Why Teams Governance Matters for Enterprise

Microsoft Teams is the collaboration backbone for 320+ million monthly active users. In enterprise environments with 10,000+ employees, ungoverned Teams deployments create sprawl (hundreds of abandoned teams), security gaps (uncontrolled guest access), compliance violations (missing retention policies), and management headaches (no naming standards, no lifecycle policies). A formal governance framework transforms Teams from a liability into a governed, auditable collaboration platform.

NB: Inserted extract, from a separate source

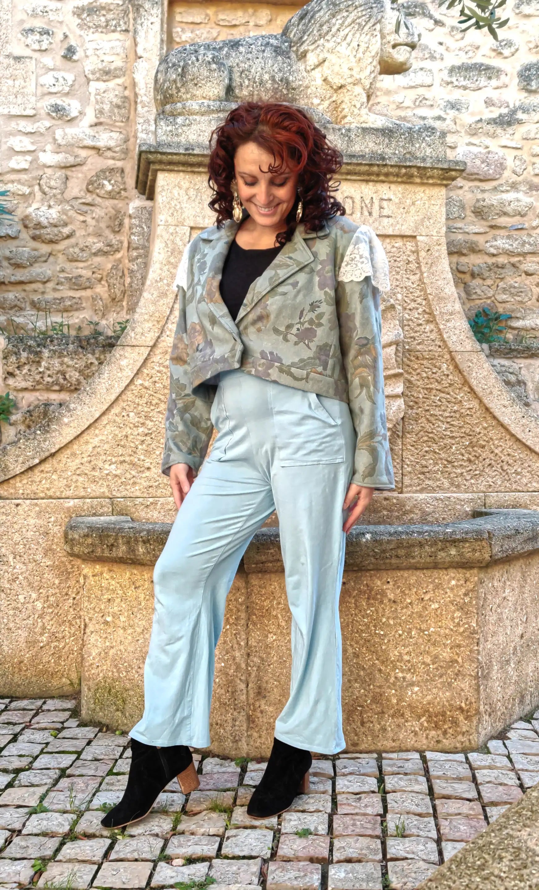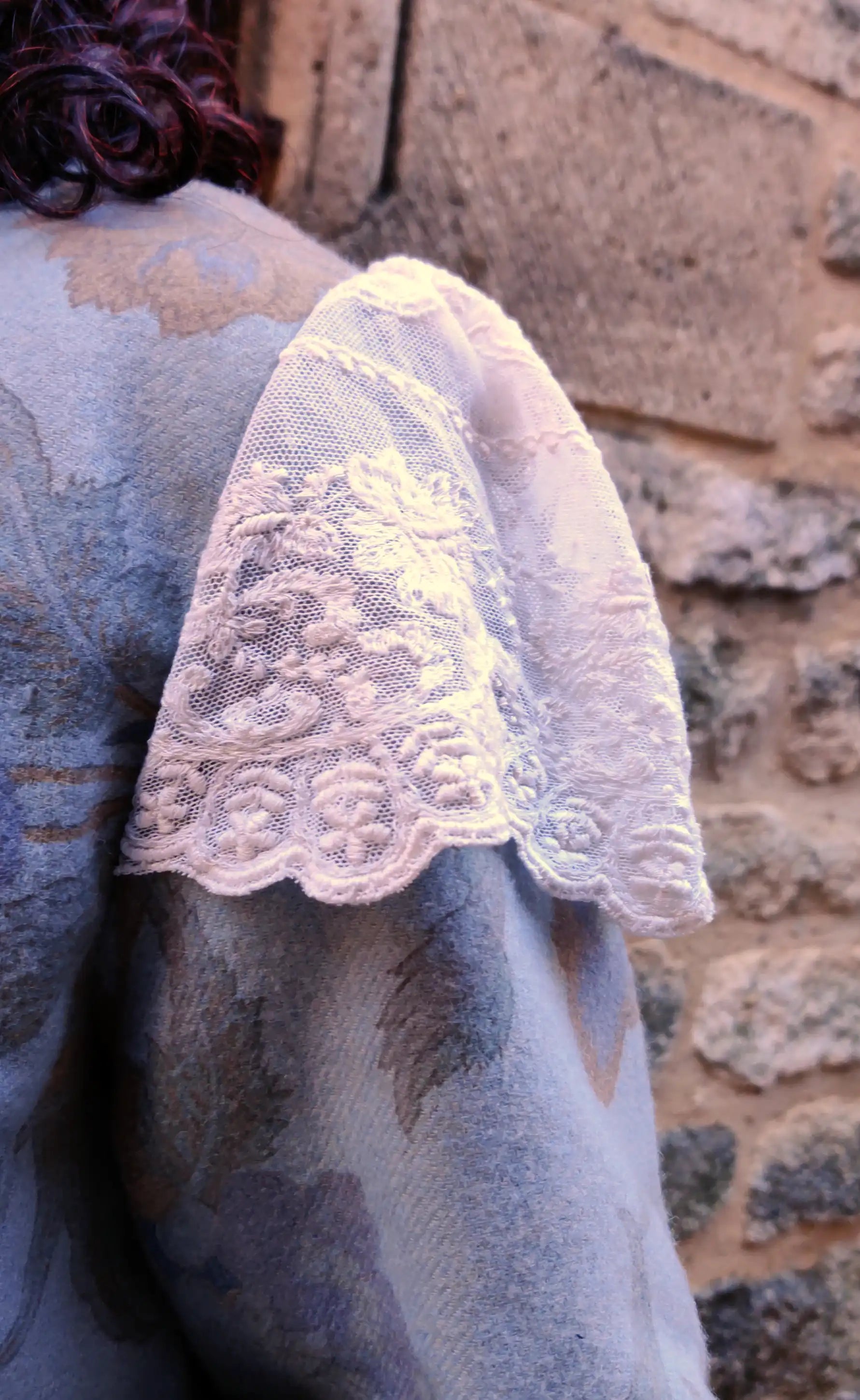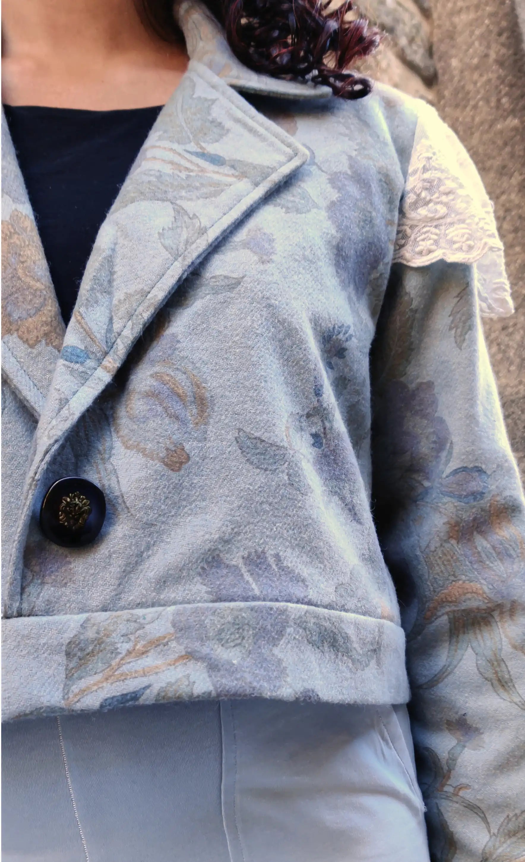 L’ajout de dentelle de coton aux épaules crée un effet structuré et ajusté, typique d’une veste tailleur classique. Un bouton vintage, unique et chiné, ferme la veste (le modèle de bouton peut varier en fonction du stock disponible )

Quick Answer: A Microsoft Teams governance framework consists of seven pillars: team creation policy (approval workflows vs. self-service with guardrails), naming conventions (Azure AD naming policies), lifecycle management (expiration, archival, deletion), guest access controls (conditional access, domain restrictions, access reviews), channel governance, compliance (retention, DLP, legal hold), and monitoring automation (Power Automate + Microsoft Graph). Enterprise organizations should implement all seven pillars before Teams sprawl becomes unmanageable.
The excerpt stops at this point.